[Start of Attachment]
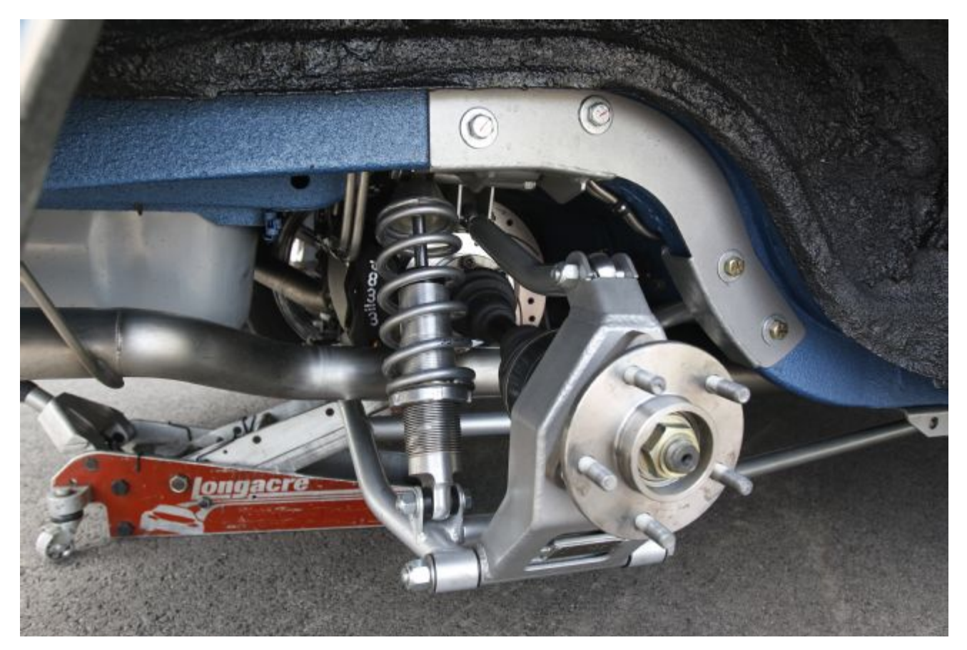
The Heidts IRS is a work of art, providing show-quality looks with race-car performance. And when combined with the IFS, it can bring any 1964 1/2-1970 Mustang into the 21st century.

While I was hoping for a little oversteer to help it rotate on the tight autocross, the balance was more neutral, which is better for bigger tracks and sweeping corners. The team had the shocks in a stiffer setting, and even so, the ride quality was comfortable. A few clicks on the shocks would soften the ride for everyday driving.
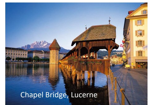
Chapel Bridge, Lucerne

Swiss Guards of Louis XVI during the French Revolution. Next, visit the renovated 14 th Century covered wooden Chapel Bridge which depicts the local history. Then to the Old Town where you will have the chance to visit and buy from Bucherer - Switzerland's biggest and most reputable watch company.
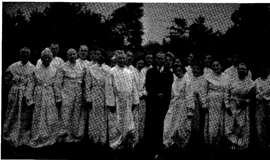
A rich harvest of souls is being gathered in Poland. Above is a baptism of twenty-two persons in the city of Katowice. Another twenty are preparing for the next baptism.

Everywhere our churchmembers in Poland are of good courage. Again we had a most cordial interview with the Vice-Director of Religions, and were
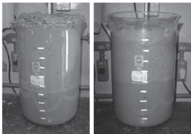
Fig. 1 Froth level of tests with the raw concentrate, froth layer height >5 cm
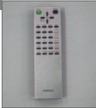
Old type remocon
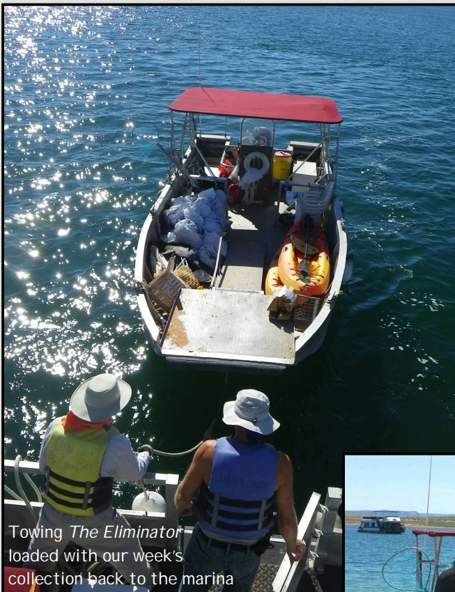
Towing The Eliminator loaded with our week's collection back to the marina

Over the five days we filled 36 large heavy-duty bags with trash. We also collected two dozen golf balls and a huge pile of discarded wood, sun shelters, floating toys, garbage can lids, etc. Only one site was truly disgusting; most of the rest of what we found seemed left behind more from carelessness than blatant disregard.
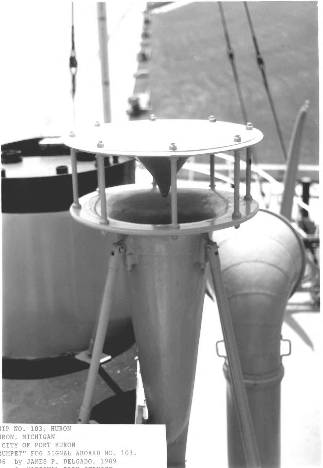
LIGHTSHIP NO. 103, HURON PORT HURON, MICHIGAN Owner: CITY OF PORT HURON F2T "TRUMPET" FOG SIGNAL ABOARD NO. 103. Photo #6 by JAMES P. DELGADO, 1989 Courtesy of: NATIONAL PARK SERVICE
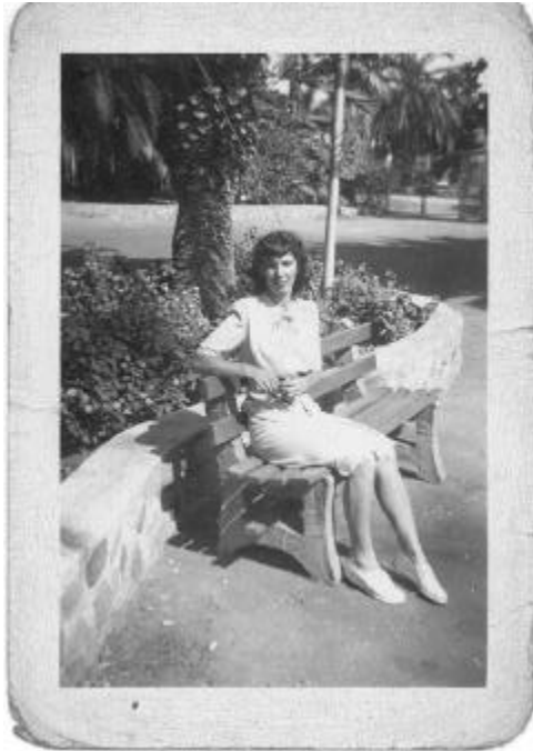
My Campus Sweetheart
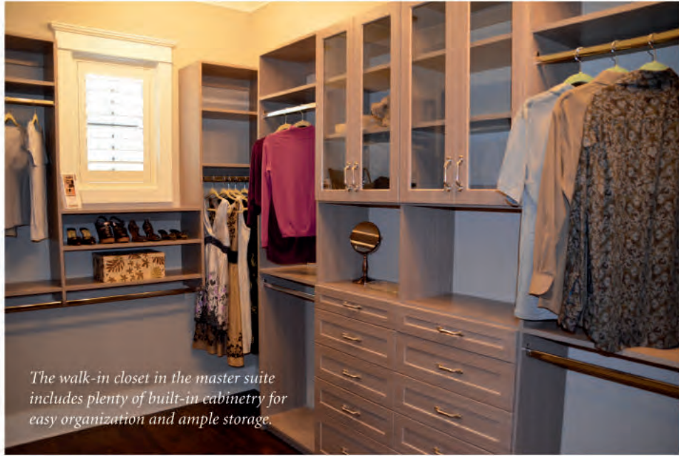
The walk-in closet in the master suite includes plenty of built-in cabinetry for easy organization and ample storage.

According to BCHBA Executive Vice President Fran Druse, between 3,500 and 4,000
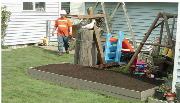
Image 11b. Raised garden bed at childcare C
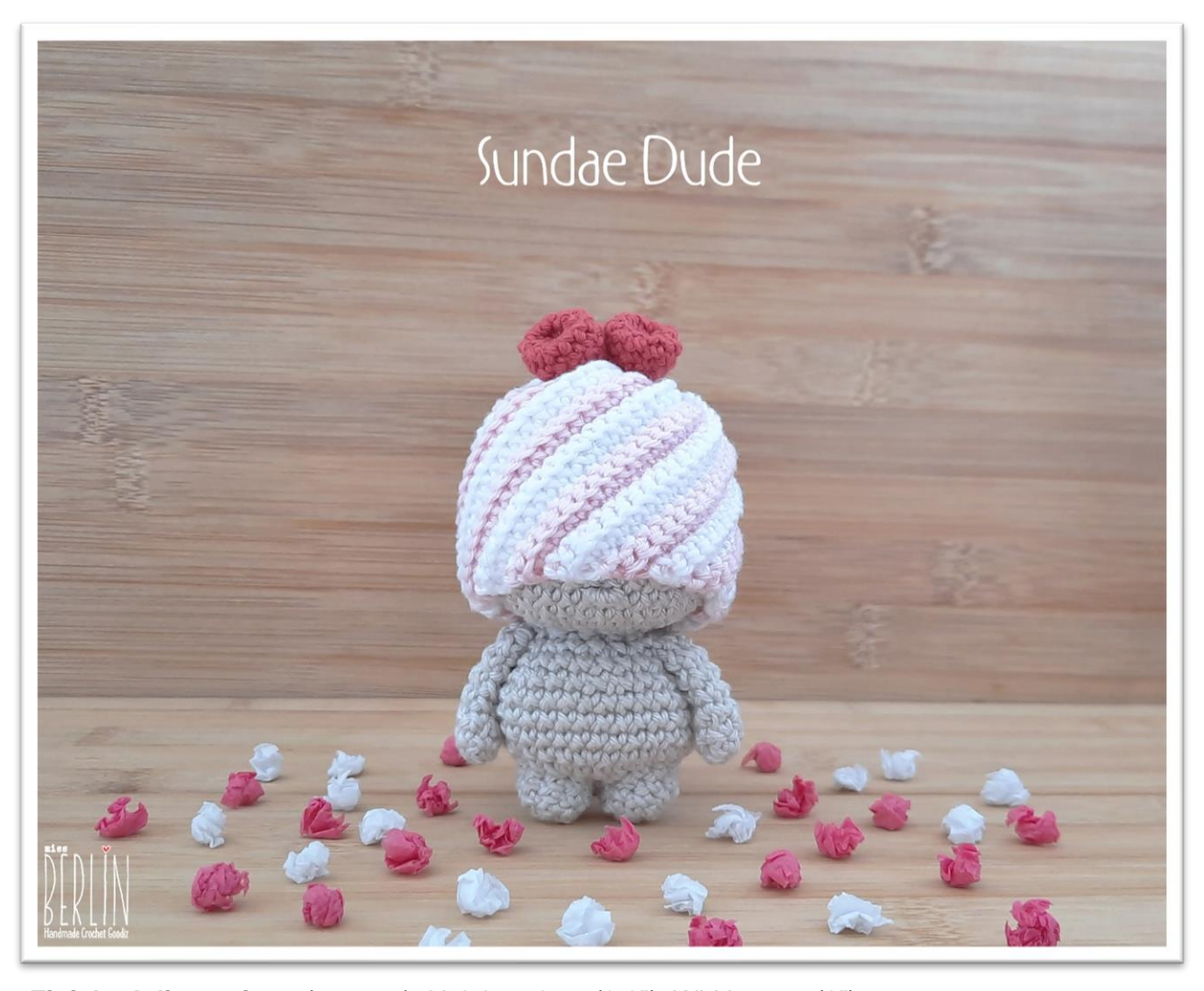
Finished dimensions (approx.): Height: 10cm (3.9"). Width: 5cm (2").
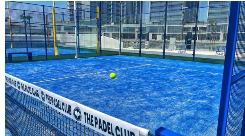
Padel Club Dilmunia

15% discount for Nadeen Students, parents & staff
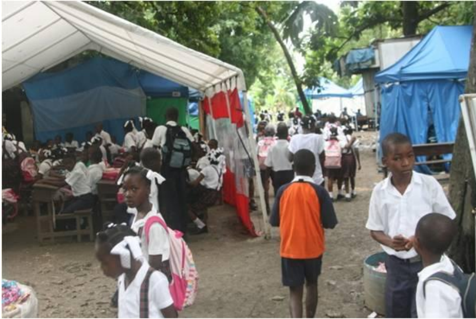
("Live from Leogane: Orphans International Partners with Haitian School Founded by Orphan.")
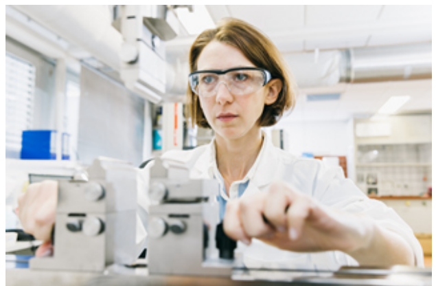
Neutral and independent: CIPP

IKT operates two testing laboratories for material and construction product testing. Both are recognised by the German Institute for Building Technology (DIBt).
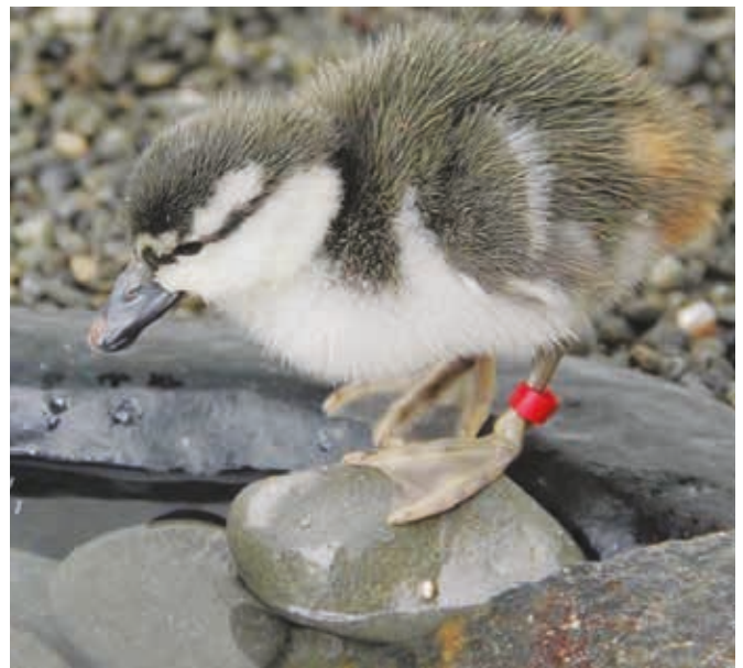
Very cute: Did they survive?
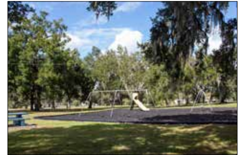
MCLEOD PARK 970 W. McLeod St. 2.61 acres
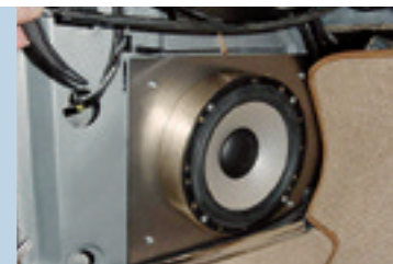
Solid red casted ring for 16 cm loudspeaker with screwed in plate on the original mount points
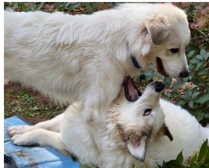
Casper and Bayly
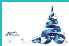
Gorgeous Tree TR555, Silver Foil
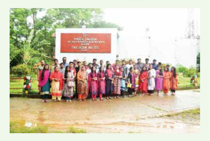
Study tour 2018- Shylet
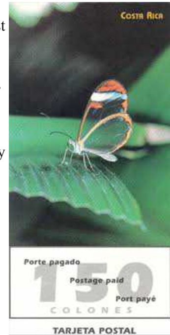
Figure 1 – Stationery card of Costa Rica 1999 with glasswing butterfly Greta oto

The clear tissue that makes up the wings (Figure 3) does not contain the colour-producing scales present in most butterfly wings. As a result, the tissue does not absorb or scatter much light, instead letting most of it pass through. Not much light is reflected, either, due to microscopic structures on the surface called 'nanopillars'. The nanopillars have a random distribution of sizes and positions, which means that there is a gradual transition between the refractive index of the wing and that of the surrounding air. This
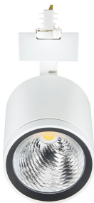
StyliD Evo Performance white, front view
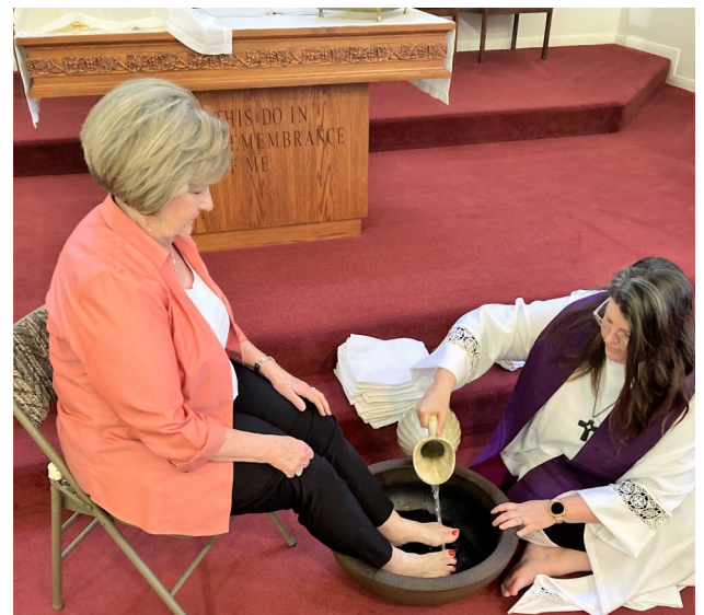
Maundy Thursday Washing of the Feet
[End of Attachment]
§ **WORK INSTRUCTION**: Copy from the entries above each line in which the string "Bridge" can be found.

§ **SOLUTION**:
Chapel Bridge, Lucerne
Swiss Guards of Louis XVI during the French Revolution. Next, visit the renovated 14 th Century covered wooden Chapel Bridge which depicts the local history. Then to the Old Town where you will have the chance to visit and buy from Bucherer - Switzerland's biggest and most reputable watch company.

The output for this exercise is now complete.